VATICAN CITY, APRIL 25, 2010 ( Benedict XVI is underlining the Church's right to speak out and express its message publicly, even while respecting those who have different opinions.

The Pope stated this Saturday in an audience with the new Belgian ambassador to the Holy See, Charles Ghislain.

The Pontiff underlined the "fragility of human existence" and the necessity of protecting it through "authentic social cohesion that does not weaken the legitimate diversity of opinions."

"For quite some time the Church has inscribed itself fully in the history and the social fabric of your nation," he said, and "it desires to continue to be a factor in the harmonious coexistence among all."

The Church is happy to "place itself at the service of all the components of Belgian society" through "its numerous educational institutions, its work of a social character and the voluntary efforts of so many faithful," the Holy Father affirmed.

Nevertheless, he continued, the Church finds it necessary "to stress that it has, as an institution, the right to express itself publicly."

"It shares this right with all individuals and institutions, with the scope of speaking its mind on questions of common interest," Benedict XVI said.

He added, "The Church respects the right of everyone to think differently from it; it would like that its right to expression also be respected."

"The Church is a depository of a teaching, of a religious message that it received from Jesus Christ," Benedict XVI stated, which "can be summarized with the following words from Sacred Scripture: 'God is love' (1 John 4:16)."

This teaching "throws its light upon the meaning of the personal, familial and social life of man," he noted.

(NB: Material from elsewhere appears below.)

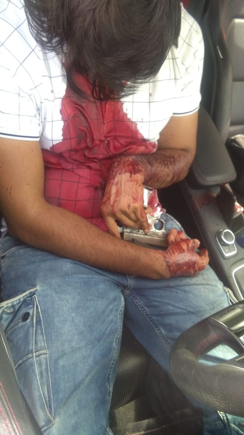 కారును ఎందుకు నిలిపివేశారో తెలుసుకొనేందుకు ట్రాఫిక్ పెట్రోలింగ్ పోలీసులు ఈ కారు వద్దకు వచ్చేసరికి ఫైజాన్ అహ్మద్ రక్తం మడుగులో ఉన్నాడు. వెంటనే కారు అద్దాలు ధ్వసం చేసి అతడిని బయటకు తీసి ఆసుపత్రికి తరలించారు. కేర్ ఆసుపత్రిలో అతనికి చికిత్స అందిస్తున్నారు.

"The Church, having the common good as its objective, asks nothing other than the freedom to be able to propose this message, without imposing it on anyone, in respect for freedom of conscience," the Pope stated.

Apostle to the Lepers

He recalled that "it was in nourishing himself with this ecclesial teaching in a radical way that Joseph de Veuster became he who is now called 'St. Damien.'"

Speaking about the "Apostle to the Lepers," the Pontiff stated that "the exceptional destiny of this man shows to what point the Gospel awakens an ethics that is a friend to the person, above all if he is in need or marginalized."

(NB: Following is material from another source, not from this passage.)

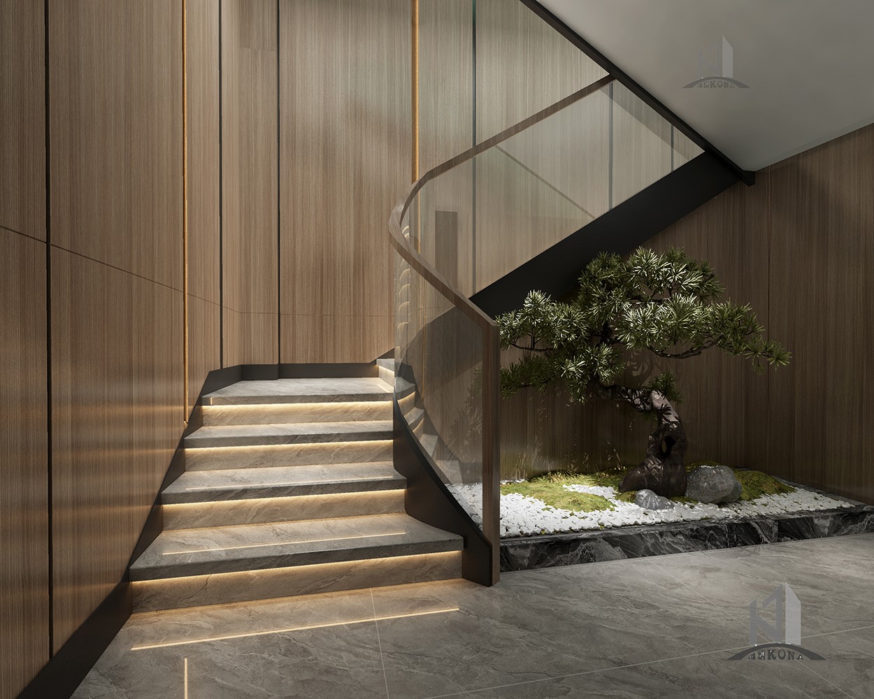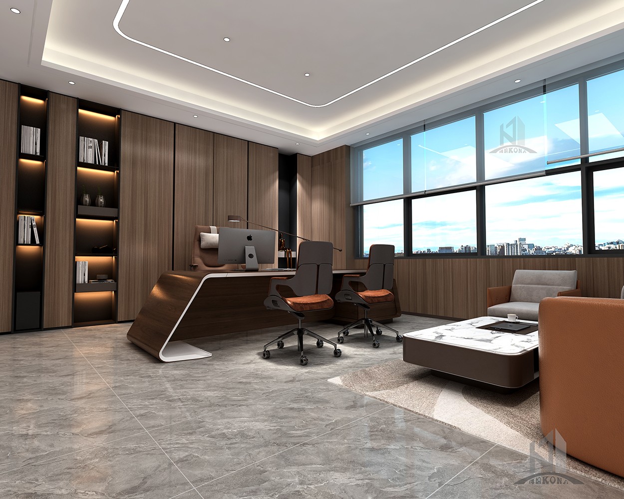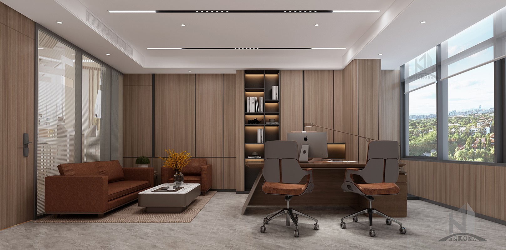 設計理念:傳統(tǒng)企業(yè)融合時代新審美辦公室設計,大塊面的灰色系大理石穿插現(xiàn)代感的線條構建了大家對于公司的初見印象,然而這種高級的現(xiàn)代感或許會顯得冰冷。但加上了深棕色的實木就又為公司的前臺注入了儒雅、沉淀與質樸的大氣,無論時空如何轉換,刻在中國人骨子里的中式風骨,千百年后依然在我們的設計語言中,獵獵作響。辦公室頂面用線條強調虛實及縱深,以實木構件表達建筑語言,干凈簡潔的辦公區(qū)域加上了更加濃墨重彩的傳統(tǒng)中式風格細節(jié),于寂靜無聲中展露中國歷史人文的厚重,還有更多現(xiàn)代與傳統(tǒng)融合的可能性。會議室呈簡潔大氣,端莊肅穆的風格,彌漫著一點莊重的儀式感,深棕色、灰色、白色互相融合搭配,這個色系顯得純粹而有力量,在純凈的空間里,人們更容易獲得精神的沉淀,也更容易探尋到真誠的本質。除此之外,利用巨大的落地窗,可以減輕空間的沉悶,中和會議室的氛圍。

He continued: "The canonization of this priest and the universal fame that he enjoys is a legitimate reason for pride among the Belgian people.

"This attractive personage is not the fruit of a solitary journey. It is well to recall the religious roots that nourished his education and formation as well as the teachers who awakened that admirable generosity in him."

"It led him to share the marginalized life of the lepers," the Holy Father affirmed, "to the point of exposing himself to the illness from which they suffer."

Benedict XVI affirmed, "In the light of similar witnesses everyone can understand that the Gospel is a force that there is no reason to fear."

He stated, "I am convinced that despite the sociological developments, the Christian 'humus' is still rich in your land."

"It can generously nourish the commitment of a growing number of volunteers," the Pope proposed, "who, inspired by evangelical principles of fraternity and solidarity, accompany persons who experience difficulties and who, for this reason, need to be helped."